Linda Bolton –Weiser: Okay and just on final thing on the 10 to 12 products that you are having this out side company work on. Are you trying to focus on any particular of therapeutic areas?
David Gibbons - Chairman, President & CEO
Not at this early stage. I would say that certain maybe when we’re a little further down the road we might start to narrow in. Right now we’re looking at what are some of the best opportunities where we in the long term would have capability in manufacturing it here at our facility at some point in time and what’s the best fits are. But we have not narrowed into a particular therapeutic area yet.
Linda Bolton-Weiser - Analyst
Okay thank you very much.
David Gibbons - Chairman, President & CEO
Thanks Linda.
Operator
Your next question comes from Doug Lane with Avondale Partners.
Doug Lane - Analyst
On this R&D spending, I’m sort of getting a picture here that if it’s $5m to $7m in the second half of this year then that’s kind of a $10m to $14m run rate so we’re going to have additional ramp up in ’05. So are you looking for another year of flat EPS on ’05?

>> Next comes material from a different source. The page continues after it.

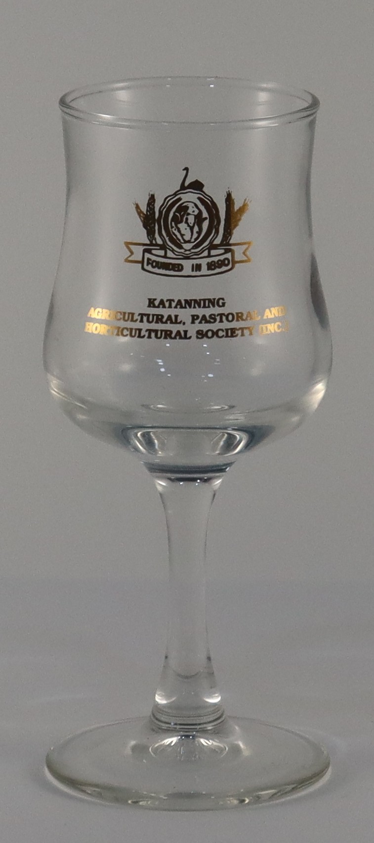 A short stem liqueur glass. On one side of the glass is the a gold circle which has a fluted edge, in the centre is a etched ram's head and on either side are etched stalks of grain. Above the circle is a swan and either side of the circle are standing kangaroos. Below this logo is a ribbon scroll. This logo is the "Katanning Shire Crest"

David Gibbons - Chairman, President & CEO
It’s way too early for us to be able to see what we’ll be looking at in ’05. What I would say is that if the – we say we’re going to spend $5m to $7m this year that we would probably spend some what more next year. I am not – we are not anticipating today that would be $10m to $14m.
Doug Lane - Analyst
On an annual run rate basis?
David Gibbons - Chairman, President & CEO
On an annual run rate basis you now maybe we’re spending, you know I’d have to put pen to paper on it and figure it out. But we have not – we don’t have any projection of spending $10m to $14m next year, but I think it’s probably a correct assessment to say that it’s probably going to be a little bit more than $5m to $7m because we’re you know we’re going to be ramping up in the third and fourth quarters.
Doug Lane - Analyst
Okay. Thank you.
Operator
At this time sir there are no further questions.
David Gibbons - Chairman, President & CEO
Okay thank you all very much appreciate your participation.
Operator
Thank you folks for participating in today’s conference call. You may now disconnect.